Jayne told her to "shut up," and to not discuss the fire with anyone and leave the area.

Jayne's former wife, Kathy Rheume, along with other witnesses who have taken the stand for the prosecution in both trials, said Wednesday that she first started to notice business at the 5 acre equestrian ranch tumble in the early 1980s.

Like Rose, Rheume alluded to Jayne's continual cocaine use as being a possible reason for his waning interest in the stables.

Rheume said Hunter had volunteered to set the fire.

"Michael said, 'Yes, boss, I've done things before,'" Rheume recalled in her testimony.

On cross-examination she admitted telling a federal agent that Hunter said, "Let me do it. I can do it. I know how to do it."

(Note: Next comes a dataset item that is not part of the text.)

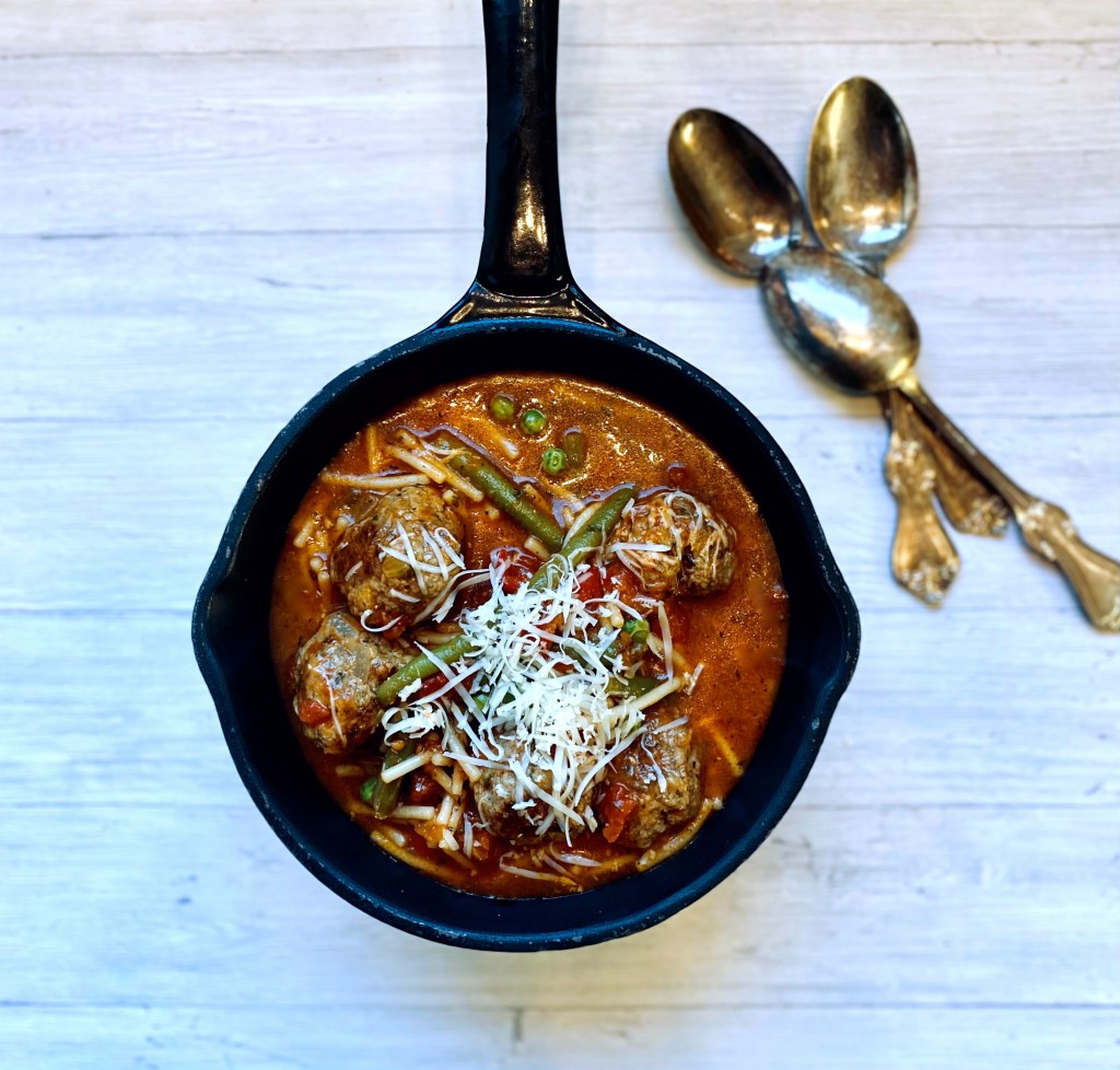 Italialainen lihapullakeitto on juuri sitä, mitä odottaa saattaakin, keitoksi pukeutunutta pasta bolognesea. Erilaisia kasviksia lisäämällä siitä saa helposti muotoiltua omaan makumaailmaan sopivan ja pastan määrää muuttamalla enemmän tai vähemmän keittomaisen. Kannattaa joka tapauksessa valita jokin pieni pastalaji. Itse jouduin tällä kertaa tyytymään raketti spagettiin kaupan heikon valikoiman vuoksi, mutta mieluiten olisin käyttänyt orzoa, omaa pikkupasta suosikkiani.

Jayne later told her that Hunter had "asked for help" in setting the blaze, she said.

Prosecutors have said Jayne had arranged to have the bulldozer on the scene even before the fire started so he could clear evidence of the arson as soon as possible.

Prosecutors said Jayne collected more than $68,000 in insurance for the barn, and $20,000 for the pickup truck and the trailer.

Prosecutors have also said Jayne reported a loss of more than $100,000 the year of the fire and told an insurance agent he made between $100,000 and $150,000 in 1984.

Hunter agreed to tell authorities what he knew about the 1984 blaze after his 1996 release from federal prison, where he served time for mail fraud.

Rose, also convicted on federal mail fraud charges, agreed to cooperate with investigators in 1994 in exchange for not being sent to prison.

Jayne was a nephew of the late horseman Silas Jayne, who served 7 years in prison for a 1970s conviction of conspiring to murder his brother George Jayne, a horse-breeding rival.

In October 2002, Du Page County authorities announced that Jayne and a former business partner, Charles Sundstrom, of Wonder Lake, had been indicted in a June 17, 1980, fire that destroyed Jayne's frame home in Bartlett. Jayne received $85,900 in insurance from the fire, according to news reports.

Prosecutors rested their case Thursday afternoon, shortly after jurors heard testimony from Angelo Zito, a former investigator for the State Fire Marshal's office, who testified that Jayne told him at the scene that the barn was not insured.

Defense attorney Robert Will called his first witness, Judy Lefferdink, whose daughter, Amy, rode a pony housed at the stables.

The day before the fire, she described a horse show she and her daughter attended with Hunter and other employees from the stables. She said after the show she noticed Hunter drinking at a restaurant bar and refused to let her daughter ride home with him because she felt he was drunk.

The judge recessed trial for the day at 4:40 p.m., when Lefferdink's testimony concluded.

Trial was scheduled to resume at 9 a.m. Friday, when Will said he expected Jayne to take the stand. Outside of the jury's presence, attorneys told the judge they expected to be ready to present their closing arguments Monday.